So I'm trying to prove that this operator $$ T_n(f)=\int_0^t \cfrac{(t-x)^n}{(n-1)!}f(x)dx $$ is continuous and then calculate its operator norm, provided that
- the operator is a map $E\to E$ with $E=C([0,1],\Bbb R)$, and
- the norm considered on $E$ is the infinite norm.
To prove the continuity I tried to find a $M>0$ such that $\|T_n(f)\|_\infty < M\|f\|_\infty $.

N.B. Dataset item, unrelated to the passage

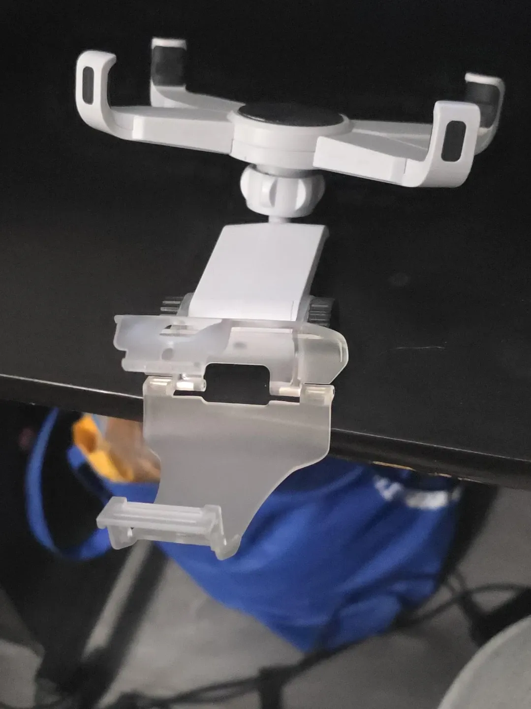 This is a white clamp mount for holding a tablet or phone. It features an adjustable arm and a strong clamp base. It's made of plastic. Just add a ps5 controller and snap ur mobile phone for and emerging hand held gaming device
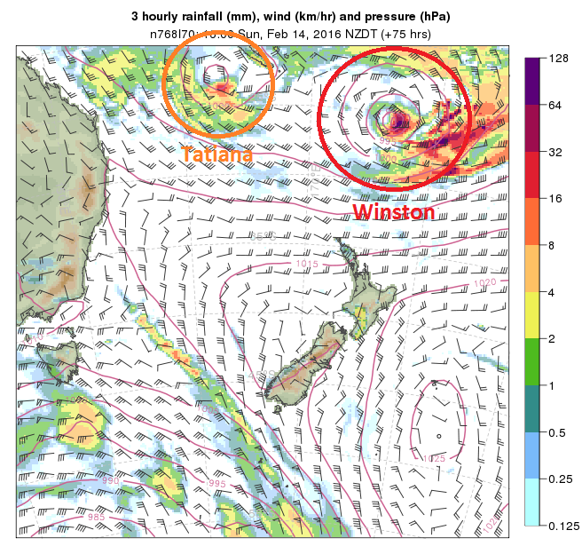 3 hourly rainfall, wind and pressure prediction for 14 February 2016. Expected cyclones circled in red (Winston) and orange (Tatiana).

After developing I got to this inequality : $$ ||T_n(f)||_\infty < \int_0^t\sup_{t\in[0,1]} \cfrac{(t-x)^n}{(n-1)!}f(x)dx $$
What I'm trying to do is change the $t$ of the supremum to $x$ so that I could sort the $f(x)$ out and integrate the quantity $\cfrac{(t-x)^n}{(n-1)!}$ to get the required $M$ for the continuity.
Any tips on how to proceed?
Observe that $$ \int_0^t \cfrac{(t-x)^n}{(n-1)!} dx= \cfrac{t^n}{n!} \,. $$ Therefore
$$\|T_n(f)\|_\infty \le \cfrac{1}{n!} \|f\|_\infty \,,\quad (*)$$ with equality for $f \equiv 1$, so the operator norm of $T_n$ is $\cfrac{1}{n!}$.